Eyleme destek veren örgütler adına basın bildirisini okuyan Mine Atlı, taciz olayını gerçekleştirdiği söylenen kişinin kimliği konusunda devletin yetkili birimlerine bilgi verildiğini belirterek, söz konusu kişiyle ilgili ivedilikle soruşturma açılmasını talep etti.
Akova Kadınlar Birliği, Baraka Kültür Merkezi, Birleşik Kıbrıs Partisi (BKP), Feminist Atölye (FEMA), Kadından Yaşama Destek Derneği (KAYAD), Kıbrıs Türk Amme Memurları Sendikası (KTAMS), Kıbrıs Türk Orta Eğitim Öğretmenler Sendikası (KTOEÖS), Kıbrıs Türk Öğretmenler Sendikası (KTÖS), Kıbrıslı Türk İnsan Hakları Vakfı (KTİHV), POST Araştırma Enstitüsü, Sosyal Riskleri Önleme Vakfı, Toplumsal Cinsiyet ve Azınlıklar Enstitüsü, YKP-fem, Yurtsever Kadınlar Birliği eyleme destek verdi.

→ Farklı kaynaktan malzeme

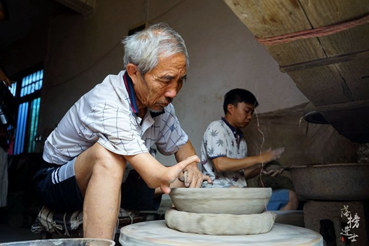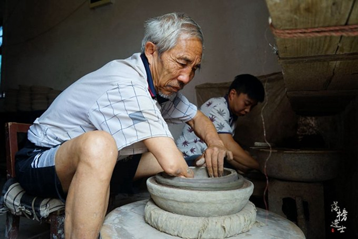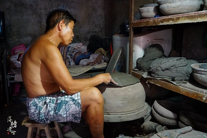 高保全是这条街知名的手艺人,他今年70多岁,10岁的时候开始学习制作砂锅,至今已经做了60多年了。当我来到他家的时候,只见他半截手臂在转动胚盘,另一只手轻压砂泥,熟练的在转轮上铺出“年轮”密布般的圆,让我们每一个人都不敢大声去打扰他,高保全老人从小就右手残疾,很难想象他是如何学习并坚持下来这一门手艺的,只见他在制做砂锅的时候,很多动作都是要靠左手来完成,制胚的时候他则换左手转动胚盘,半截手臂紧靠在砂胚上。那沾满砂泥的独臂制出来的砂锅,我们到访的每一个人不仅由衷的敬佩老人的高超技艺,更多的是一种心灵无言的震撼。

Okunan ortak açıklama şöyle:
Geçtiğimiz günlerde bir kamu kurumunda, yüksek bir bürokratın memur bir kadına cinsel tacizde bulunduğu haberi kamuoyunun bilgisine getirilmişti. Basına yansıyan bu taciz olayı maalesef münferit bir olay değil, kadınların sıklıkla işyerlerinde karşılaştıkları bir hak ihlalidir. İş ortamında çalışma arkadaşlarının, özellikle üst kademe personelin, emri altında çalışan kadınlara cinsel içerikli şakalar yapması, pornografik fotoğraf göstermesi, özel buluşma ve cinsel ilişki teklifinde bulunması cinsel taciz tanımı içine girmekte, kadınların kişilik haklarına ve bedensel bütünlüklerine saldırmaktadır. Kadınları cinsel bir meta olarak algılayan bu zihniyetteki yöneticiler, kadınlar yapılan teklifleri reddettiklerinde de bağırma, çalışma arkadaşları önünde hakaret etme, yok sayma, üstlerine ve meslektaşlarına kötüleme şeklinde sistematik ‘bezdirme’ (mobbing) yöntemi ile ikinci bir hak ihlaline maruz bırakmaktadır.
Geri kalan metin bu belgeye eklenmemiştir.